Gameplay Instructions

• Drag the launcher cannon at the top of the screen to aim in the direction. (because tapping in a direction would be too easy! :)
• Tap on the cannon to release the ball in the direction
• Cannon will look flat and “empty” once a ball has been launched onto the game screen.
• Once the ball has exited the game area, cannon will “inflate” to indicate that a ball is now available.
• Balls can be fired until there are none left.

Special Pegs - Spooky peg: Will show active state in the scoreboard when activated - “Domain Expansion” - Spooky Peg being active will cause the bottom of the screen to become a “portal” to the top of the screen. - During this time period, the ball will not exit the screen.

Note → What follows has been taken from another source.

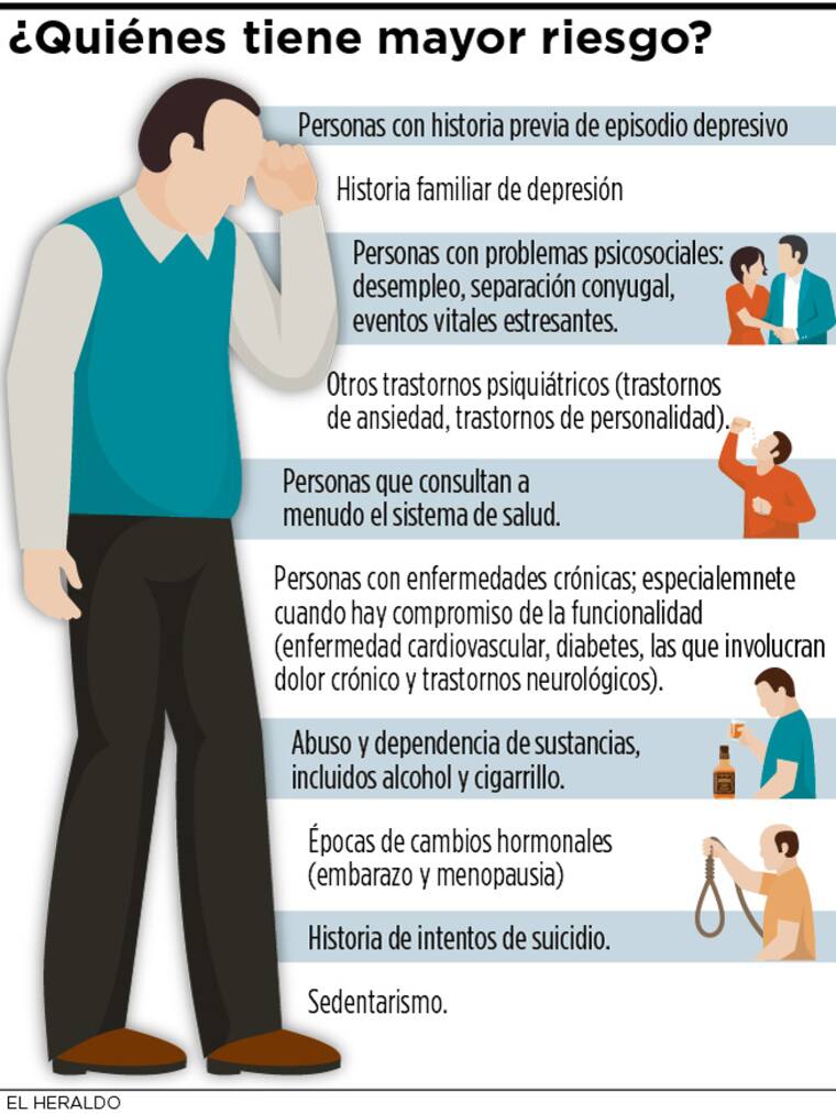 La depresión y las enfermedades coronarias van de la mano debido a que 'se aumenta el cortisol que es la hormona del estrés', y aunque las probabilidades son altas en las personas mayores 'se pueden presentar episodios depresivos desde la adolescencia'.

Instead, it will appear at the top with the same velocity as it exited. - Spooky pegs and domain expansion effect will disappear once the ball enters the bucket again. - Kaboom peg: Will dissipate with an invisible explosion radius of up to 4 times its own radius.

• Any movable object inside its explosion radius will feel a force according to their velocity vector, and moving accordingly.
• Bells and Whistles upgrade: The force they feel is proportional to their proximity to the the exploding peg, zeroing at a maximum of 4 radii.
• Any object in the blast radius will be activated (hitpoints depending), and will be removed upon ball exit. - Block:
• Will not move, no effect on gameplay except for affecting movement of movable objects - Stubborn Peg:
• Will move according to laws of physics, can move and collide into other objects and activate them as well.
• Stubborn pegs can be used to strategically clear other pegs by setting them in the direction of other pegs.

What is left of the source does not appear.